=== RECORDED INFORMATION ===
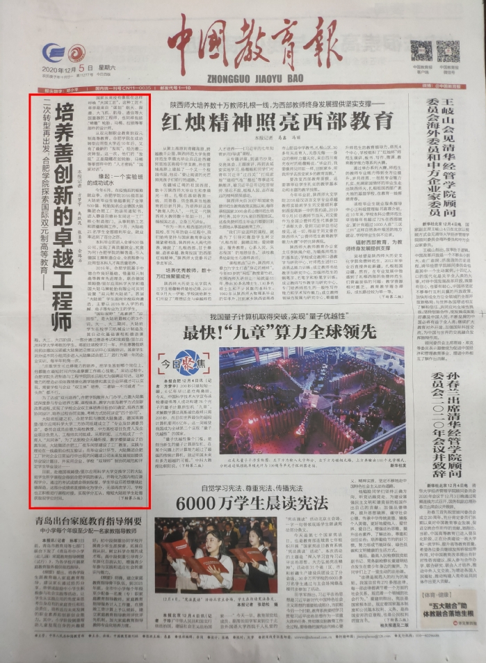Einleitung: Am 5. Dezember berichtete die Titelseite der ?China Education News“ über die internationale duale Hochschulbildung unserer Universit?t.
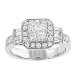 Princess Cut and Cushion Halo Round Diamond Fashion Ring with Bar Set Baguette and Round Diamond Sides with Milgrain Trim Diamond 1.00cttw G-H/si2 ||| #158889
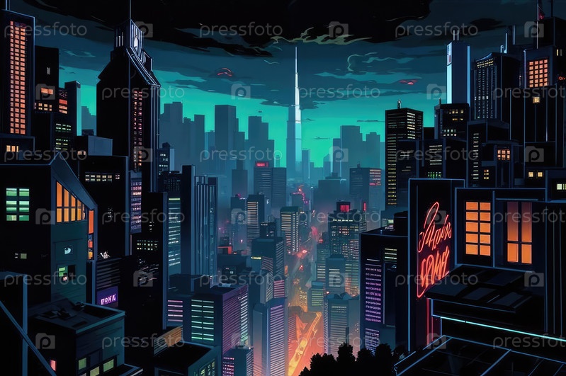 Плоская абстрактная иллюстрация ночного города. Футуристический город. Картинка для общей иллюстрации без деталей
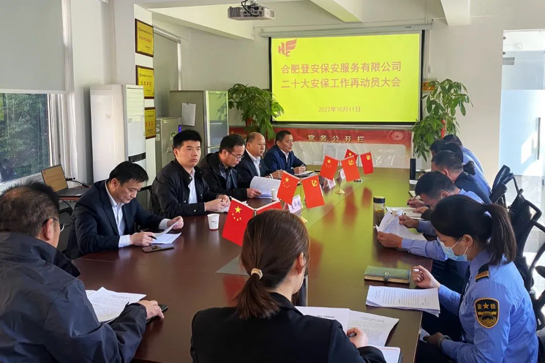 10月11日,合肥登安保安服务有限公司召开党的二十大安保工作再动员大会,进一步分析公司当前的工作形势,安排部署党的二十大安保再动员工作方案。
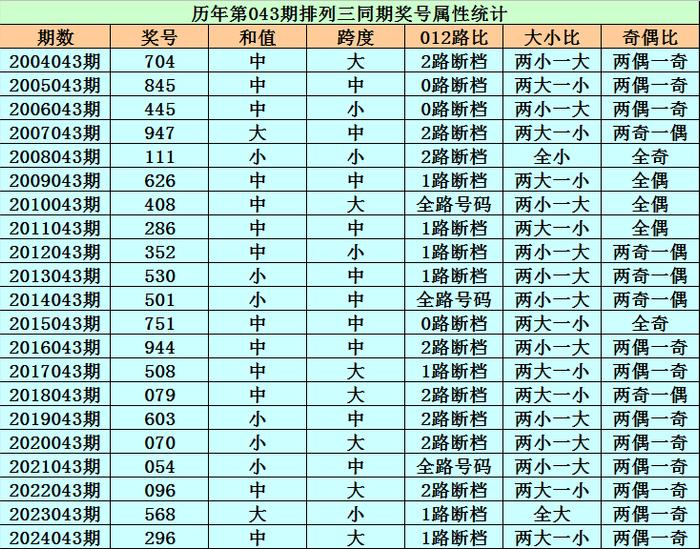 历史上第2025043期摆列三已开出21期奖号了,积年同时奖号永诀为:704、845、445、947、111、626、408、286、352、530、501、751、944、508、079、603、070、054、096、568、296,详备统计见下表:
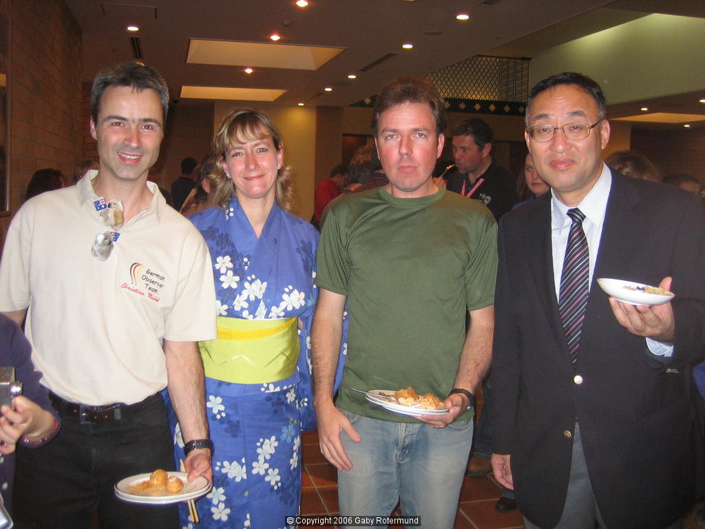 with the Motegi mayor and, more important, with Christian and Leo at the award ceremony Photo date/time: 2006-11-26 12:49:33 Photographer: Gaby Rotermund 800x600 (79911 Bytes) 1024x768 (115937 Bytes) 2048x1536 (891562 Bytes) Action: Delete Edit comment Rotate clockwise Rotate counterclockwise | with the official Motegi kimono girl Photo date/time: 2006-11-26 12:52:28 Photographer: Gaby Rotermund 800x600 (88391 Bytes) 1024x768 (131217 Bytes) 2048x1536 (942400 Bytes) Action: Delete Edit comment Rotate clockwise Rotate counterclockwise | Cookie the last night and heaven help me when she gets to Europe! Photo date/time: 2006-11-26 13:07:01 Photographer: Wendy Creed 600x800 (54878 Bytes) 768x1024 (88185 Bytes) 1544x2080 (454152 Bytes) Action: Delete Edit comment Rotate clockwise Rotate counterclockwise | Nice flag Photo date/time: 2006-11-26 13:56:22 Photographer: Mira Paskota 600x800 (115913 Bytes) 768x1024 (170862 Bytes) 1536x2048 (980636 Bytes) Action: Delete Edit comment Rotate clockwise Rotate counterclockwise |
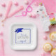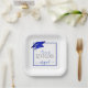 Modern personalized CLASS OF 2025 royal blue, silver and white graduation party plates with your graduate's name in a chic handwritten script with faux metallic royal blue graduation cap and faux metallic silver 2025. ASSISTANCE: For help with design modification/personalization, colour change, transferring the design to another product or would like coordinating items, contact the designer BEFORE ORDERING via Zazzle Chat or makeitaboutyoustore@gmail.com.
===
** WHAT TO DO **
Please set down the records exactly, and keep every image out of the copy.

** SOLVED EXERCISE **
Einleitung: Am 5. Dezember berichtete die Titelseite der ?China Education News“ über die internationale duale Hochschulbildung unserer Universit?t.
 Princess Cut and Cushion Halo Round Diamond Fashion Ring with Bar Set Baguette and Round Diamond Sides with Milgrain Trim Diamond 1.00cttw G-H/si2 ||| #158889
 Плоская абстрактная иллюстрация ночного города. Футуристический город. Картинка для общей иллюстрации без деталей
 10月11日,合肥登安保安服务有限公司召开党的二十大安保工作再动员大会,进一步分析公司当前的工作形势,安排部署党的二十大安保再动员工作方案。
 历史上第2025043期摆列三已开出21期奖号了,积年同时奖号永诀为:704、845、445、947、111、626、408、286、352、530、501、751、944、508、079、603、070、054、096、568、296,详备统计见下表:
 with the Motegi mayor and, more important, with Christian and Leo at the award ceremony Photo date/time: 2006-11-26 12:49:33 Photographer: Gaby Rotermund 800x600 (79911 Bytes) 1024x768 (115937 Bytes) 2048x1536 (891562 Bytes) Action: Delete Edit comment Rotate clockwise Rotate counterclockwise | with the official Motegi kimono girl Photo date/time: 2006-11-26 12:52:28 Photographer: Gaby Rotermund 800x600 (88391 Bytes) 1024x768 (131217 Bytes) 2048x1536 (942400 Bytes) Action: Delete Edit comment Rotate clockwise Rotate counterclockwise | Cookie the last night and heaven help me when she gets to Europe! Photo date/time: 2006-11-26 13:07:01 Photographer: Wendy Creed 600x800 (54878 Bytes) 768x1024 (88185 Bytes) 1544x2080 (454152 Bytes) Action: Delete Edit comment Rotate clockwise Rotate counterclockwise | Nice flag Photo date/time: 2006-11-26 13:56:22 Photographer: Mira Paskota 600x800 (115913 Bytes) 768x1024 (170862 Bytes) 1536x2048 (980636 Bytes) Action: Delete Edit comment Rotate clockwise Rotate counterclockwise |
 Modern personalized CLASS OF 2025 royal blue, silver and white graduation party plates with your graduate's name in a chic handwritten script with faux metallic royal blue graduation cap and faux metallic silver 2025. ASSISTANCE: For help with design modification/personalization, colour change, transferring the design to another product or would like coordinating items, contact the designer BEFORE ORDERING via Zazzle Chat or makeitaboutyoustore@gmail.com.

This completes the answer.